The sampling was conducted in different seasons of the year in order to evaluate the spatial and temporal distribution of the natural radioactivity.
Data was also compared to previous findings to corroborate our findings. The mean of activity concentration found was 2.34 +/- 0.61 and 149 +/- 58 Bq/kg dry for total uranium and (210)Po, respectively. In mussels the concentration trend of the studied radionuclides was (40)K > (210)Po >> (210)Pb > uranium isotopes. The mean individual dose due to ingestion Lazertinib ic50 of mussels for (210)Po was in the range 1.65 x 10(-2) to 9.20 x 10(-2) mSv yr(-1). The dose derived from uranium isotopes, (40)K, and (210)Pb was negligible. Data show that mussels may be considered a reliable species model for human biomonitoring for radiation exposure.”
“Familial amyotrophic lateral sclerosis (ALS)

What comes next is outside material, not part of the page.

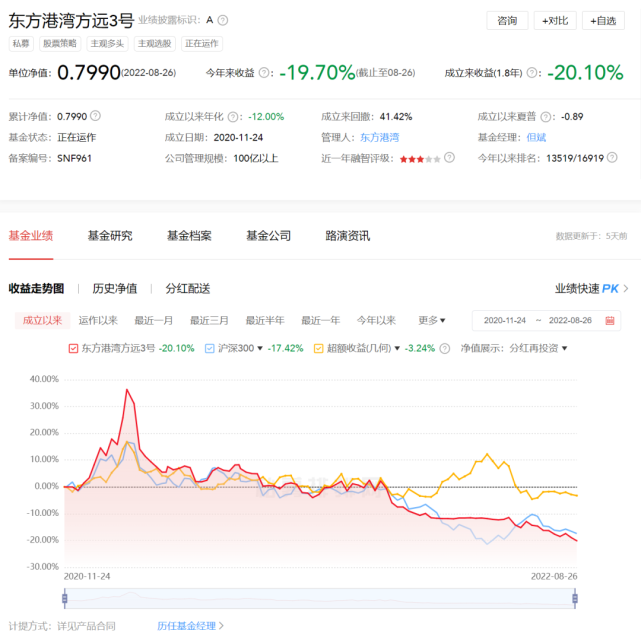 随着市场颠簸和分化的加剧,私募基金的业绩压力正在加大,有部分百亿私募旗下产物乃至触及预警线! 券商中国记者获悉,私募大佬但斌旗下有3只产物发布了触及预警线的关照,累计净值均跌破0.8元,即浮亏高出20%。东方港湾相干负责人也向券商中国记者确认了这一消息。 值得留意的是,券商中国记者发现,此中一只叫做东方港湾方远3号的产物在私募排排网上更新的最新一期净值为0.7990元,确实跌破了0.8元。 本年3月,但斌在微博上回应了券商中国发布的“疑似空仓”报道,确认了旗下产物根本“空仓”,大概保持在10%左右的极低仓位。这一操纵固然躲过了下跌,但也错过A股的反弹,引发市场不少质疑。 空仓4个月后,但斌开始加仓,但这次操纵显然运气不佳,导致上述3只产物触及预警线。不外,团体来看,但斌前几年发行的产物业绩题目都不大,大部分都处于红利状态,帮投资者赚取了不错的收益。 此前,银河金汇东方港湾1号聚集资产管理操持披露的数据,透露了但斌的操纵动向,大肆加仓白酒和港股,等待三季度或四序度的大时机。 但斌旗下三只产物触及预警线对于私募大佬但斌而言,本年的日子相称不顺遂。年初,由于担心体系性风险,但斌做出庞大决定,选择暂时低沉仓位规避风险,简直是躲过了市场大跌,但选择加仓后,旗下产物净值却一起向下。券商中国记者获悉,但斌旗下有3只产物发布了触及预警线的关照,分别是东方港湾方远1号、2号、3号,累计净值均跌破0.8元,即浮亏高出20%。 此中一只叫做东方港湾方远3号的产物,在私募排排网上更新了最新一期净值:0.7990元,确实跌破了0.8元。该产物基金档案也表现,预警线为0.8,止损线为0.7。 据相识,大多数产物在触及预警线后,须要减至半仓,进步账户中现金的比例,以制止基金司理受感情影响出现不理智操纵,其初志是想掩护投资者,低沉投资风险,把最大亏损控制在肯定范围内。 从东方港湾方远3号产物的净值走势来看,本年2月尾根本处于“空仓”状态,净值不停维持在0.88元附近,险些无颠簸。到了本年6月,即空仓高出3个月后,该产物净值规复颠簸,即但斌举行了大幅加仓操纵。然而,到了7月初,该产物净值却跌至0.85元;随后继续下跌,直至8月26日,净值终极跌破0.8元。 东方港湾方远1号、2号与3号均创建于2020年11月24日,净值走势险些划一,应该是采取了雷同的投资计谋。客岁2月份,上述3只产物的净值一度攀升至1.36元,随后从高位下跌。制止8月26日,三只产物本年以来的收益为-19.70%。 但斌大肆加仓白酒和互联网私募排排网数据表现,本年以来,但斌旗下产物的收益为-10%~-20%之间,其代表产物——利得汉景本年以来的收益为-10.53%。该产物创建于2015年2月,累计收益344.59%,年化收益为21.88%。 团体来看,但斌前几年发行的产物业绩都不大,大部分都是处于红利状态,帮投资者赚取了不错的收益,题目产物紧张是2020年底以及2021年初发行的新产物,刚长处于市场高位,部分产物创建时又设置了预警线和止损线,操纵起来相对被动。 本年5月,在一场客户交换会上,但斌坦言,已往一年产物做得欠好,降仓位还是有点晚。彼时但斌表现,下一阶段,东方港湾会用20%-30%仓位到场阶段性的反弹。大时机大概要比及本年三季度或四序度,会有一次本垒打的时机,将尽力以赴。加仓紧张以消耗、互联网为主。 值得留意的是,银河金汇东方港湾1号聚集资产管理操持披露的数据透露了但斌的操纵动向:二季度但斌大幅加仓了股票,权益投资占比高达80.52%。而在一季度末,该产物权益投资占比仅为6.58%。 也就是说,彼时但斌按照此前的投资操持,加仓等待三季度或四序度大的赢利时机。 银河金汇东方港湾1号的前十大重仓股分别为贵州茅台、五粮液、古井贡酒、山西汾酒等白酒股,腾讯、美团等互联网股票,以及长安汽车、宁德期间等。 市场为何陷入调解?百亿私募大肆加仓值得留意的是,自7月以来,A股在履历了一轮反弹后开始陷入震荡调解,市场风格更是分化严峻,光伏等新能源板块的发展股继续大涨,上证50等代价股却继续下跌。 对于怎样对待近期市场调解,星石投资副总司理、首席权益计谋投资官方磊指出,这次调解大概是对之前过于乐观预期的一个正常回归。一方面,外洋活动性的乐观预期正在修正;另一方面,国内股市仍旧面临估值天花板,反弹幅度过大大概出现内生性调解。 在市场经济预期比力低,但国内活动性较为宽松、外洋活动性紧缩的预期最高峰已颠末去的配景下,发展股迎来大幅反弹。此中,新能源等热门赛道的景心胸很高且具有肯定的连续性,反弹的绝对幅度较高,部分个股反弹50%以上乃至翻倍,反映出整个市场的预期比力高。 在方磊看来,接下来投资时机大概不会只会合于前期热门范畴,热门赛道反弹已经比力多了,后续大概会向其他行业扩散,偏代价类的资产已经进入代价区间。 只管经济预期比力低,但百亿私募并不灰心。制止8月19日,股票私募仓位指数为80.99%,较上周加仓了2.42%;百亿私募加仓力度最大,现在仓位程度最高。制止8月19日,百亿股票私募仓位指数为84.61%,较上周加仓了8.75%。 |

accounts for 10% of all ALS. Approximately 20% of cases are due to mutations in the Cu/Zn superoxide dismutase gene (SOD1). In North America, SOD1(A4V) is the most common SOD1 mutation. Carriers of the SOD1(A4V) mutation share a common phenotype with rapid disease progression and death on average occurring at 1.4 years (versus 3-5 years with other dominant SOD1 mutations). Previous studies of SOD1(A4V) carriers identified a common haplotype around the SOD1 locus, suggesting a common founder for most SOD1(A4V) patients. In the current study we sequenced SU5402 the entire common haplotypic region around SOD1 to Cyclopamine clinical trial test the hypothesis that polymorphisms in either previously undescribed coding regions or non-coding regions around SOD1 are responsible for the more aggressive phenotype in SOD1(A4V)-mediated
ALS. We narrowed the conserved region around the SOD1 gene in SOD1(A4V) ALS to 2.8 Kb and identified five novel SNPs therein. None of these variants was specifically found in all SOD1(A4V) patients. It therefore appears likely that the aggressive nature of the SOD1(A4V) mutation is not a result of a modifying factor within the region around the SOD1 gene. Founder analysis estimates that the A4V mutation occurred 540 generations (similar to 12,000 years) ago (95% CI 480-700). The conserved minimal haplotype is statistically more similar to Asian than European population DNA sets, suggesting that the A4V mutation arose in native Asian-Americans who reached the Americas through the Bering Strait. (c) 2007 Elsevier Ireland Ltd. All rights reserved.”
“The aim of this study was to evaluate the exposure to methylmercury (MeHg) of potential populations at risk living in Portugal. To ascertain youth exposure, a questionnaire was distributed to 300 students of a middle secondary school in Sesimbra and to 429 students studying in Canecas, selected as the control population. The average number of fish meals consumed by person was 4.1 and 3 per week in Sesimbra and Canecas, respectively.